According to the Centers for Disease Controls and Prevention, 1 out of every 8 babies are born premature in the US every year. Babies are considered premature if they are born before 37 weeks. A baby born premature can face a variety of complications such as cerebral palsy, breathing difficulties, and visual difficulties. There can also be complications that aren’t seen until later such as learning difficulties.
A pregnant woman can decrease her chance of having a premature baby if she does not smoke, drink and attends regular checkups by her physician. However, a woman can still have a preemie even if she does everything right. That’s what happened to me, and here’s my story-
Chichi was born a late preemie, at 34 weeks, due to preterm premature rupture of membranes (PPROM). Oddly enough, I had always known she would come early (mother’s intuition!!). But I never thought it would be this early.
I was lucky that Chichi didn’t need steroid shots, or ventilators or much else really except a feeding tube. The first time I saw her in the NICU, she had a feeding tube in and was hooked to the monitors to monitor heart rate, breathing and oxygen saturation. I didn’t know what these things were at the beginning, of course. I remember panicking when I saw so many wires coming in and out of her because I thought she must be really ill. Later, I learned all babies there were hooked to the monitors and that a feeding tube was pretty standard. This is because most preemies don’t know how to suck properly to eat.
She was only in the hospital for 2 weeks. But, it was the longest, most difficult, 2 weeks of my life. I realize that many preemies end up in the hospital for many more weeks, and I honestly cannot imagine the pain that these parents have to go through.
Every mom expects to go home with their new bundle of joy at the same time she gets discharged. There’s the car seat all set up, the crib with the brand new bed sheets waiting for its new resident, everything all shiny and clean.
Going home empty handed felt…just wrong. It felt like I was leaving a vital piece of me in the hospital.
I would think about her constantly when I am at home, and I would worry….Does she miss me? What if the nurses are too busy to tend to her when she cries? Would she think mommy has abandoned her? Is she hungry?

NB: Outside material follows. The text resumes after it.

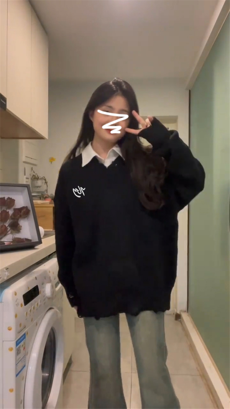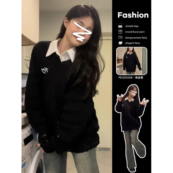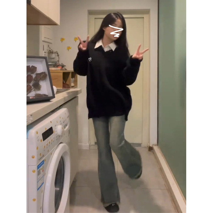 韓系慵懶風黑色針織V領毛衣女秋冬季2025新款軟糯小個子內搭上衣

I remember pumping my milk every 3 hours, with tears streaming down my face. I would cry myself to sleep at night. I did a lot of crying those 2 weeks. I also had the baby blues the first week after birth (perfectly normal!). Hubby was distraught every time he saw me cry, and nothing he did could make me feel better. Hubby is a very logical man, and he repeatedly told me the hospital was the best place for baby…that the nurses were looking after her. I remember telling him, that when I gave birth, I must have left my heart in Chichi. People can’t live without their heart. That’s precisely how it felt to have a baby in the hospital. I had a giant gaping hole not only in my uterus, but where my heart should be too. This was all mixed with feelings of guilt. I felt I must have somehow contributed or even caused her to be born premature. Was it something I ate? Something I did? What if I had done something differently? Did I have an underlying infection I didn’t know about?
I was unfortunately told that they don’t really know what caused my membranes to rupture early. This made me really afraid. Could it happen again? What if it happens again, and the baby is born even more premature? Already, I was fearing for the life of my next baby.
The only time I felt any comfort was when I was at Chichi’s bedside. I was there 6-8 hours every day. If it weren’t for the fact the hubby has to work, and we only have 1 car, I would have been there 24 hours a day.
I was also afraid of going out. I didn’t want anyone to see me without my bump, but no baby, and ask me where my baby was. I knew I would instantly break down in tears.
Those were long, hard days. Now, when I look back and think of those times, I still feel pain but much less. Now, I see that there were unexpected upsides to having her in the hospital those early days. Not only did she have the best possible medical care, I also had time to recover, sleep and do last minute baby shopping. The nurses in the hospital were really helpful as well, and I learned most of baby care from them. Even simple things like changing diapers, bathing baby…the nurses were full of helpful tips.
My advice to those who have babies in the NICU….it’s okay to cry. It’s extra important to have a support network around you during this time. Tell them how you feel, and have them help you around the house. The days will be long and hard, but eventually, one day, your baby will come home with you. Try not to rush the doctors into releasing your baby. When your baby is in the hospital, they have their vitals monitored constantly. You can’t do that at home, it’s impossible for you to look at your baby every second of the day to make sure they are still breathing.
Just remember to give them extra loving when they come home.